The combination weakens the immune system. A body without proper nutrition cannot fight infection. When Samsonova contracted what her mother described as a cholera-like illness, she had nothing left to fight with.
Registered dietitians stress that even well-planned vegan diets require supplementation. A fruit-only diet is not a vegan diet. It’s starvation.
A Mother’s Grief, A Friend’s Anger
Vera Samsonova watched her daughter slip away for years. She tried to intervene. So did friends. None of it worked.
“She did not listen to her mother,” Vera told media. She said her daughter, once an aspiring model, “refused to listen” to anyone’s concerns about her health.
Friends expressed frustration mixed with grief. “You don’t need to be a doctor to understand where this will lead,” one said after learning of her death.
Another was harsher: “Only her eyes, merry eyes, and gorgeous hair compensated for the dreadful sight of a body tortured by idiocy. Forgive me if it sounds harsh.”
Yet Samsonova saw it differently until the end. She posted frequently about how her diet was transforming her body and mind. “I love my new me,” she wrote.

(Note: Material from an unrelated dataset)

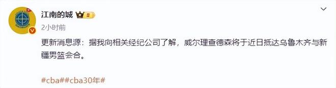 据媒体人“江南的城”透露,新疆男篮已经确定了新的小外援人选,威尔-理查德森将会于近日抵达乌鲁木齐和球队会合。威尔是一名26岁的年轻后卫,有着1米96的身高,是2023年的NBA落选秀。在上个赛季,威尔在NBA发展联盟打球,场均能够得到12分3.7个篮板4.6次助攻的数据,三分命中率37.2%。

She claimed she would never return to her old eating habits.
When Influence Becomes Dangerous
Samsonova’s death raises questions about social media health advice. She had tens of thousands of followers who saw her posts about raw food and extreme restriction. Some may have tried to copy her diet.
The vegan community has responded with mixed reactions. Some worry the case will be used to attack plant-based eating in general. Others acknowledge that what Samsonova practiced was not veganism but something closer to an eating disorder.
Nutritionists emphasize the difference between a balanced vegan diet with proper supplementation and the kind of extreme restriction that killed Samsonova. One requires planning and knowledge. The other is a slow form of suicide.
Her story is not an argument against veganism. It’s a warning about ignoring your body’s basic needs because an online persona demands it. About mistaking social media followers for medical expertise. About the price of refusing help when friends and family can see you’re dying.
Zhanna Samsonova spent her final years telling followers she felt better than ever. Her body told a different story. By the time she sought medical treatment in Malaysia, it was too late.